The dried and powdered seeds of A. muricata (1.3 kg) were macerated three times with cyclohexane (3 l) and the combined extracts yielded an oil (344 g) that was discarded. The seeds were then extracted three times with MeOH (3 l) at room temperature to give after concentration under reduced pressure the MeOH extract (89.7 g), which was partitioned between EtOAc and water. The organic phase was concentrated to dryness and the residue (15.8 g) was dissolved in MeOH and chromatographed on Sephadex LH-20 column with MeOH. The peptide fraction (15.8 g) was then repeatedly subjected to silica gel column chromatography (Kieselgel 60 H Merck) and eluted with CH₂Cl₂ containing increasing amount of MeOH from 5% to 20%.

The peptide purification was monitored by TLC (silica gel 60 F₂₅₄ Merck) with CH₂Cl₂/MeOH 9:1 as eluent system and the peptides were detected with the Cl₂/o-tolidine reagent, exhibiting a characteristic blue spot with R_f 0.38. The corresponding peptide mixture was finally purified by isochratic reversed phase HPLC (Kromasil C₁₈, 250 × 7.8 mm, 5 μm, AIT France; flow rate 2 ml min^–1, detection 220 nm) using MeOH/H₂O: 65/35 with 1% TFA to yield annomuricatin C (1, t_R 7.2 min, 23.1 mg).

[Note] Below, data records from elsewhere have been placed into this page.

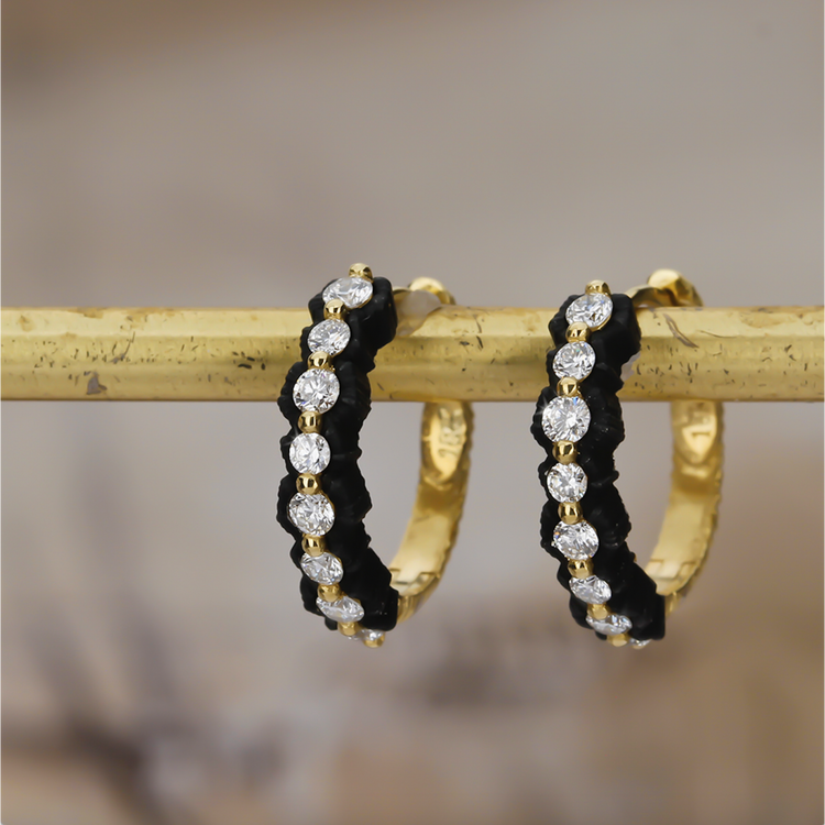 Scallop Round Hoop Earrings - 18k Yellow Gold, Oxidized Cobalt Chrome and White Diamonds (.40ct), 16.5mm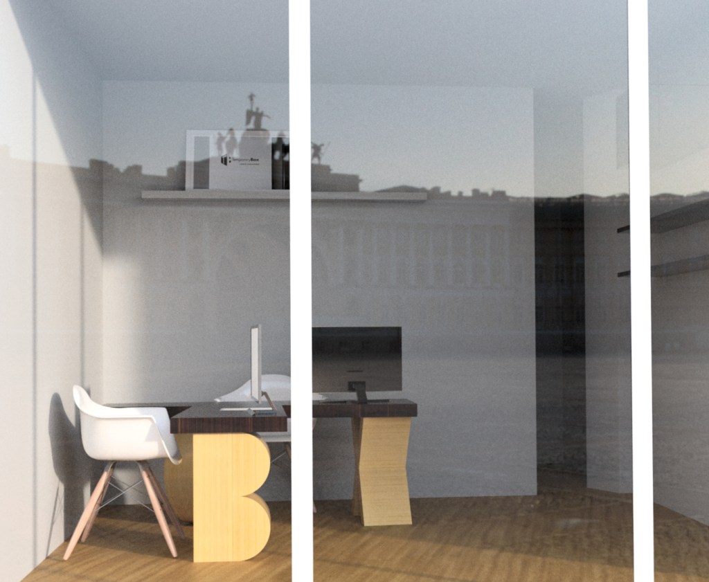 Progetto e realizzazione di un tavolo da lavoro sviluppato su misura, in parallelo al progetto di ristrutturazione della nuova sede, per la TEMPORARY BOX , prima agenzia Italiana specializzata nel settore “Temporary Shop, Pop-up shop e Moving Retail”. Una scrivania dalle forme semplici ma eleganti, che richiamasse il nome dell’agenzia e sfruttasse la sua forma per ospitare, sulla base delle esigenze, una o due postazioni di lavoro.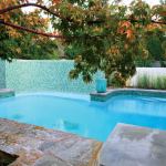 For the pool’s interior, a classic white plaster creates the perfect aqua to complement the greens on the wall. Small mosaic turtles and starfish, chosen by the homeowners, swim across the floor as a whimsical touch for their children.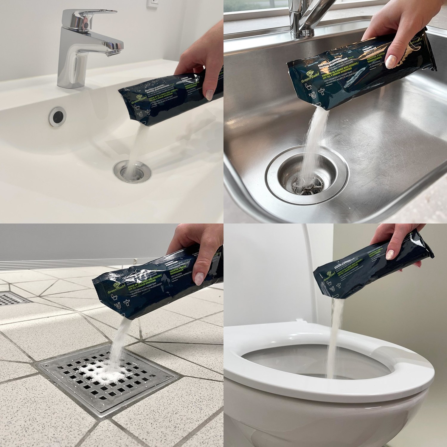Produktet er laboratorietestet og sikkert at anvende i alle typer afløb, herunder vaske, toiletter, badekar og septiktanke. Det er ligeledes velegnet til forebyggende vedligeholdelse for at undgå fremtidige blokeringer.

3.3 Absolute configuration of amino acids

Solution of 1 containing 1 mg of peptide, in 6 N HCl (1 ml), was heated at 110 °C for 24 h in sealed tubes. After cooling, each solution was concentrated to dryness. The hydrolysate was dissolved in anhydrous solution of 3 N HCl in 2-propanol and heated at 110° C for 30 min. The reagents were evaporated under reduce pressure and the residue dissolved in CH₂Cl₂ (0.5 ml) and 0.5 ml trifluoracetic anhydride was added. The mixture was kept in a screw-capped at 110 °C for 20 min, the reagents were evaporated and the mixture analysed on a Chirasil-l-Val (N-propionyl-l-valine-tert-butylamide polysiloxane) quartz capillary column with helium (1.1 bar) as carrier gas and temperature program of 50–130 °C at 3 °C min^–1 and 130–190 °C at 10 °C min^–1, with a Hewlett Packard series 5890 apparatus. Comparison of R_t values with those of standards amino acids was used: l-Ala (11.6), l-Val (13.9), Gly (14.6), l-Thr (15.2), l-Pro (18.2), l-Ser (18.8), l-Leu 19.2) and l-Tyr (31.9).

3.4 Annomuricatin C (1)

Colourless solid, Mp 284–285 °C (MeOH), [α]_D²²–2.7° (c 0.1, MeOH) ;¹H and ¹³C NMR (see Table 1); ESI-QTOF, m/z: 597.23 [M+K]⁺, 581.26 [M+Na]⁺, 559.28 [M+H]⁺; ESI-QTOF MS/MS on m/z 559 [M+H]⁺ (ce 40 eV) m/z (%): 559 (28), 541 (34), 531 (12), 513 (9), 488 (7), 470 (4), 460 (9), 442 (61), 427 (4), 414 (28), 401 (33), 374 (11), 373 (44), 345 (10), 328 (13), 326 (9), 319 (10), 302 (100), 295 (96), 274 (44), 258 (11), 238 (27), 226 (7), 219 (12), 172 (10), 155 (61), 141 (4), 127 (5), 120 (26), 72 (13), 70 (30). ESI-QTOF MS/MS on [M+Na]⁺ (ce 60 eV) m/z (%): 581 (96), 563 (100), 553 (93), 535 (73), 523 (49), 507 (20), 492 (42), 482 (75), 466 (51), 464 (49), 454 (26), 436 (36), 422 (17), 405 (4), 396 (25), 395 (95), 368 (21), 367 (93), 324 (22), 306 (7), 297 (20), 296 (91), 276 (13), 234 (11), 220 (6), 202 (6), 163 (4), 149 (2).